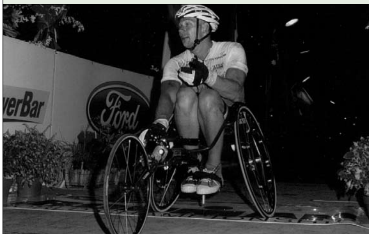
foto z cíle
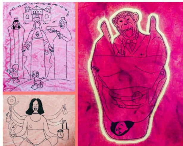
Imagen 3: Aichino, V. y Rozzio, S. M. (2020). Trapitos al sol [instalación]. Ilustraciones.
* * *
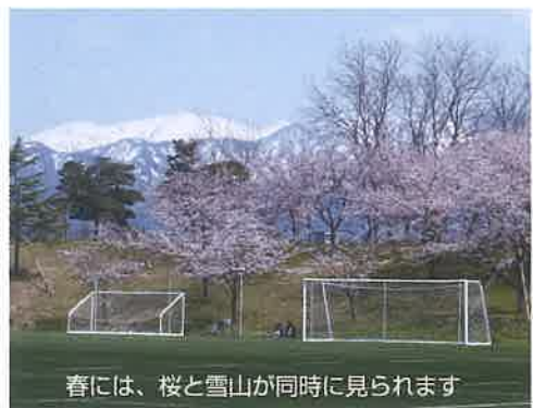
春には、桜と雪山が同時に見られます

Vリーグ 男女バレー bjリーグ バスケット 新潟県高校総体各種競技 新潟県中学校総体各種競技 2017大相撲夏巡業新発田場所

__Task brief__:
Copy the lines above between the one holding "foto z cíle" and the one holding "Imagen 3: Aichino, V.", inclusive. Drop the pictures.

__Solution to the problem__:
foto z cíle
Imagen 3: Aichino, V. y Rozzio, S. M. (2020). Trapitos al sol [instalación]. Ilustraciones.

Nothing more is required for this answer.